I know its obvious why weights need to have gradient values, but I have a particular question about leaves and non leaves. Please read on, this question is not as long as it seems
So I understand that the grad is not available for any intermediate node, only available for leaf nodes (However the reasoning is still not perfectly clear to me like here)
Example of no grad value for intermediate node: (feel free to skip directly to the question below)
a = torch.rand(10, requires_grad=True)
b = torch.rand(10)
c = a + b
d = torch.tensor(5.0)
e = c*d
e.mean().backward()
print(a.grad)
print(c.grad)
Here a.grad should give me output since it is a leaf node, however c.grad is an intermediate node and shouldnt give me any output, which is exactly what we get:
Output:
tensor([0.5000, 0.5000, 0.5000, 0.5000, 0.5000, 0.5000, 0.5000, 0.5000, 0.5000,
0.5000])
C:\Anaconda\envs\robot\lib\site-packages\torch\tensor.py:746: UserWarning: The .grad attribute of a Tensor that is not a leaf Tensor is being accessed. Its .grad attribute won't be populated during autograd.backward(). If you indeed want the gradient for a non-leaf Tensor, use .retain_grad() on the non-leaf Tensor. If you access the non-leaf Tensor by
mistake, make sure you access the leaf Tensor instead. See github.com/pytorch/pytorch/pull/30531 for more informations.

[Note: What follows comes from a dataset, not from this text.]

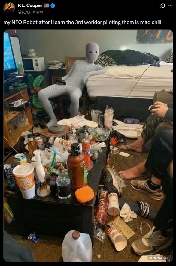 But the real gold lies in the darker humor. A wave of memes highlighted NEO's teleoperation feature - where remote human "experts" in VR headsets control the bot via 1X's app to teach it new tasks.
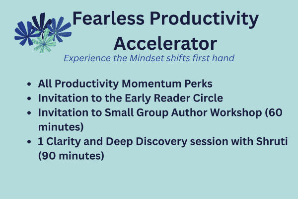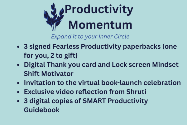 - Please share my presale campaign on Instagram (shrutirustagi.cl), Facebook, LinkedIn and X with your friends, family and network. Please use #FearlessProductivity and tag me so we can help amplify your efforts.

warnings.warn("The .grad attribute of a Tensor that is not a leaf Tensor is being accessed. Its .grad "
None
.
MY QUESTION is: In any model that we create, with multiple multiple layers, arent the weights of each layers non_leaves, hence how come they have grad values but other non_leaves do not.
For example:
class ActorNet(nn.Module):
def __init__(self, obs_space, action_space):
super().__init__()
self.fc1 = nn.Linear(obs_space, 32)
self.fc2 = nn.Linear(32, action_space)
def forward(self, x):
x = F.relu(self.fc1(x))
x = F.relu(self.fc2(x))
return x
Here isnt the layer fc2 a non leaf. However its weights will still definitely have a grad value.